Nothing but the lines from the one with "Переполненные урны начали" down to the one with "I was on the" should be returned, exactly and with both ends included, from the material below.

:: DATA FOR THIS EXERCISE ::
-------

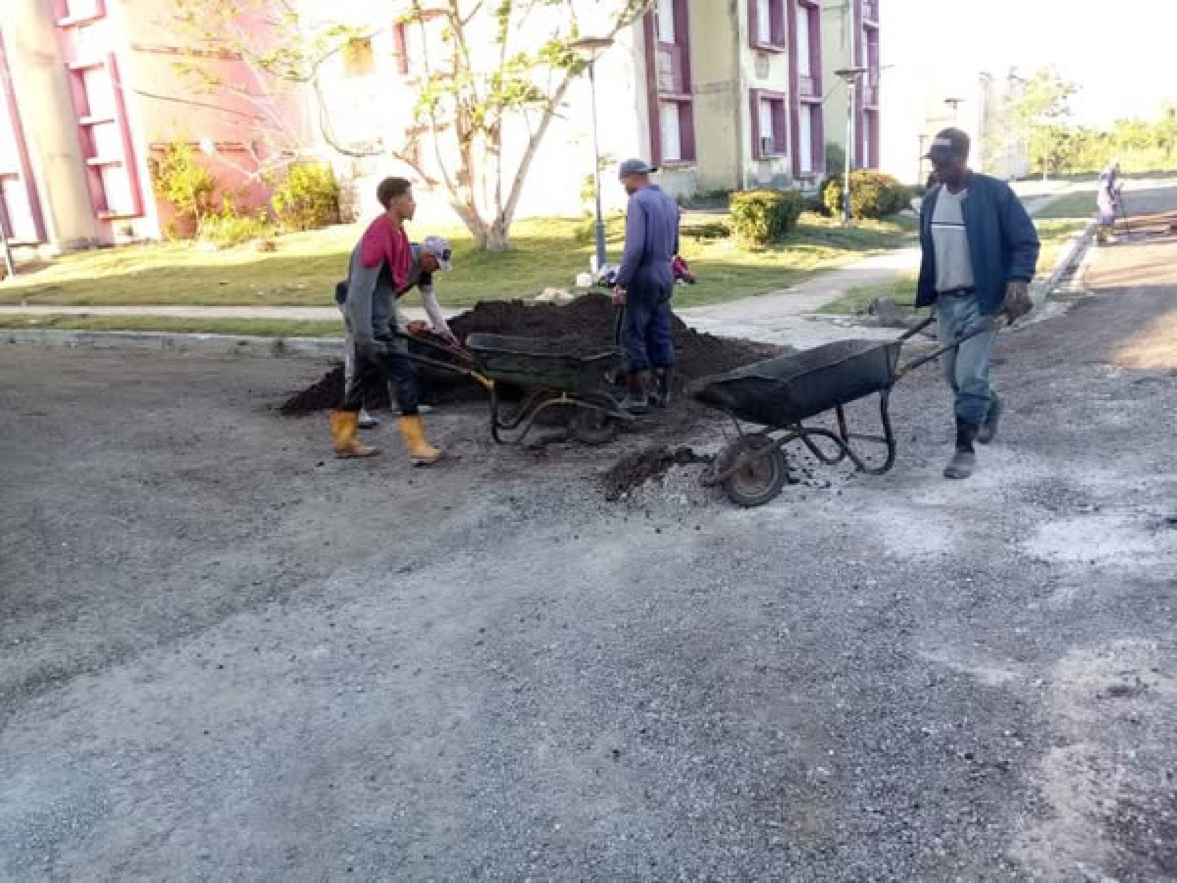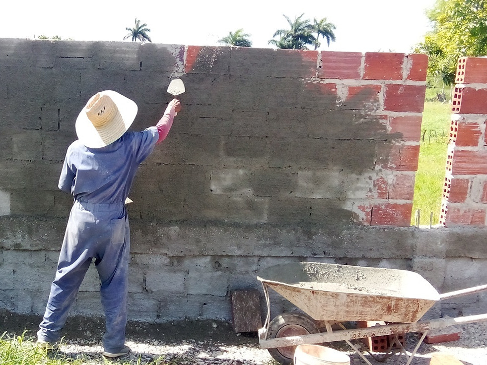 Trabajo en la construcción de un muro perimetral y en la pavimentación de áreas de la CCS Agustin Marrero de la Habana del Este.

-------

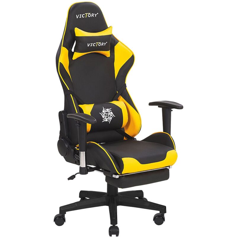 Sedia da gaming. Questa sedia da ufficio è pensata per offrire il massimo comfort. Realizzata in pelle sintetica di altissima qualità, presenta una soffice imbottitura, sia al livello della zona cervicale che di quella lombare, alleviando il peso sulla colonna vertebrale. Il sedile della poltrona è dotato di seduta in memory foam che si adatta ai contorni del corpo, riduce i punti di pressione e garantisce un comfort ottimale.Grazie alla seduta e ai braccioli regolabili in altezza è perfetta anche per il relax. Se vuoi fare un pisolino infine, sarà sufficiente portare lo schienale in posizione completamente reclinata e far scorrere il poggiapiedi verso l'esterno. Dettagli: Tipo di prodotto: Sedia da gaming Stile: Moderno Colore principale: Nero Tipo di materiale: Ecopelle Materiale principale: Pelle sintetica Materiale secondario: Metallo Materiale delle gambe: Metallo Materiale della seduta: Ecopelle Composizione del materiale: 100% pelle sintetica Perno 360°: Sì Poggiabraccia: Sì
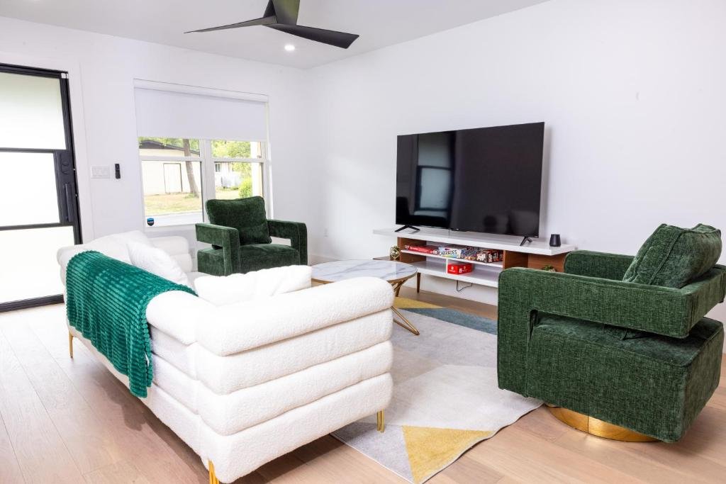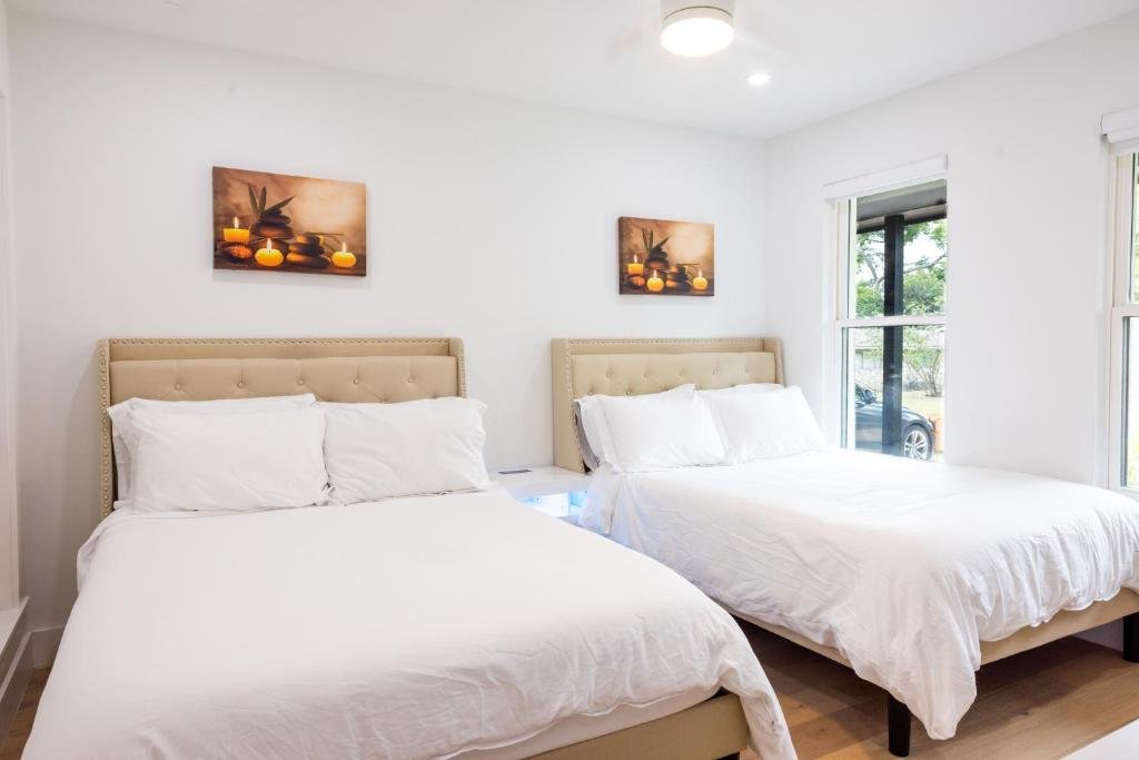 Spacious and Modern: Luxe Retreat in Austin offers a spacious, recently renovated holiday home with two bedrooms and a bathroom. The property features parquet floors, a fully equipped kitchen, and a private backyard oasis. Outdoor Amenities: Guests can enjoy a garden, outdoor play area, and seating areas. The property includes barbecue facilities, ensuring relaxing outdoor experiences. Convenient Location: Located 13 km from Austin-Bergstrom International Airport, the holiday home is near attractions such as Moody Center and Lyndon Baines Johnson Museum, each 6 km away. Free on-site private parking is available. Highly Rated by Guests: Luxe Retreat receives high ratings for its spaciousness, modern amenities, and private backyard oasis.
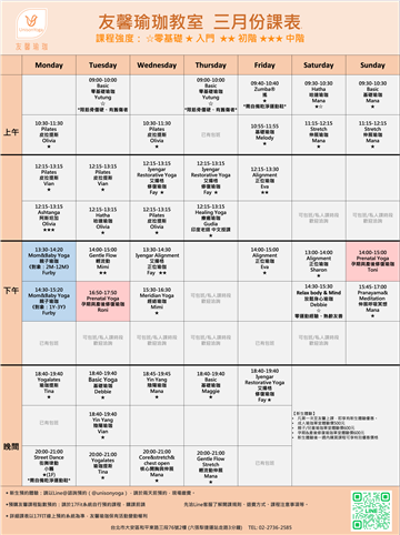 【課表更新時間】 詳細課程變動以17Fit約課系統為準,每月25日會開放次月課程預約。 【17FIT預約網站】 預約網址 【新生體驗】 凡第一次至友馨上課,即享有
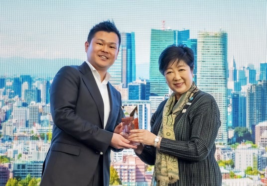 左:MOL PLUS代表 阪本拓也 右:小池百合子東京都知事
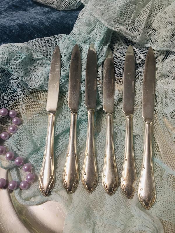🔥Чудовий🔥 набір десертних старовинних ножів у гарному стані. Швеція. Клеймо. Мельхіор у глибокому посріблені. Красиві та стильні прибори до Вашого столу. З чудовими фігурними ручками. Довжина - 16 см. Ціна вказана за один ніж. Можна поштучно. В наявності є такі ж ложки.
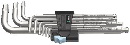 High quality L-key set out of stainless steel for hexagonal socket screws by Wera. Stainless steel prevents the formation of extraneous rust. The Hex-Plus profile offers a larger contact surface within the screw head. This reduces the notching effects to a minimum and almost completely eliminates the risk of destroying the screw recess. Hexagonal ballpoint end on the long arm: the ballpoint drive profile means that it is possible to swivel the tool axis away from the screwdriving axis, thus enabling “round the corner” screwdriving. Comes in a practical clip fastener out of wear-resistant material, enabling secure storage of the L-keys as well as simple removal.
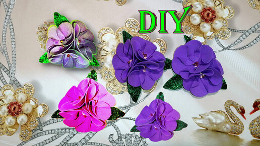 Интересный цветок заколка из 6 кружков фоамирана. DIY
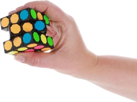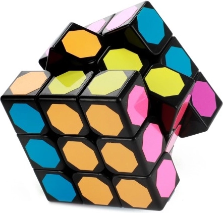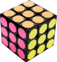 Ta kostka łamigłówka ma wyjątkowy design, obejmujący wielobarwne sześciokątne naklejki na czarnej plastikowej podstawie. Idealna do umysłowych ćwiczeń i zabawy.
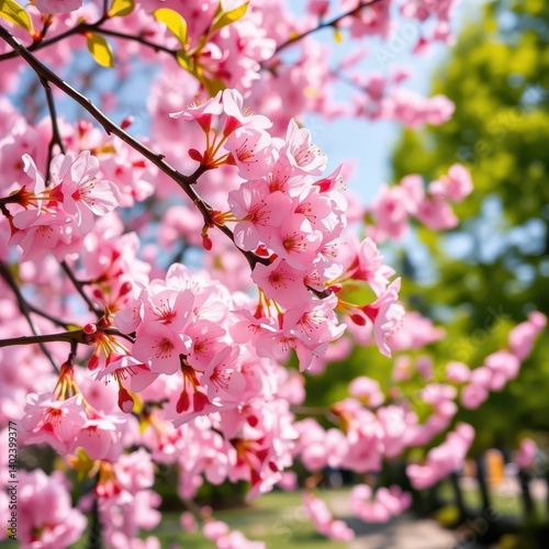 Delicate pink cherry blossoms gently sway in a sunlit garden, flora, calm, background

-------

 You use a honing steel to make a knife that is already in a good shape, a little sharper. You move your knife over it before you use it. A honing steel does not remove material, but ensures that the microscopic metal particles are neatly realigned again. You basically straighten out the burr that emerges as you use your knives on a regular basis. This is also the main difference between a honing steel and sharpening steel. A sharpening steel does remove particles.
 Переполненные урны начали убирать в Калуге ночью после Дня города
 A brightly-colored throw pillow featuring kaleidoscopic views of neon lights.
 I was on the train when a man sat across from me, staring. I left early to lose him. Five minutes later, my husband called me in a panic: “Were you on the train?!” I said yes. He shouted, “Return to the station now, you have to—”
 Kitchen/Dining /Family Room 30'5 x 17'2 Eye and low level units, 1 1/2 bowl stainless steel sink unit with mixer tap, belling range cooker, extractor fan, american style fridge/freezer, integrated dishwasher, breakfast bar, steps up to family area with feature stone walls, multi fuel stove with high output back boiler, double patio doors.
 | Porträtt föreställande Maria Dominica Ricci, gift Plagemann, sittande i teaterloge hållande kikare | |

-------

:: WRITTEN RESPONSE ::
 Переполненные урны начали убирать в Калуге ночью после Дня города
 A brightly-colored throw pillow featuring kaleidoscopic views of neon lights.
 I was on the train when a man sat across from me, staring. I left early to lose him. Five minutes later, my husband called me in a panic: “Were you on the train?!” I said yes. He shouted, “Return to the station now, you have to—”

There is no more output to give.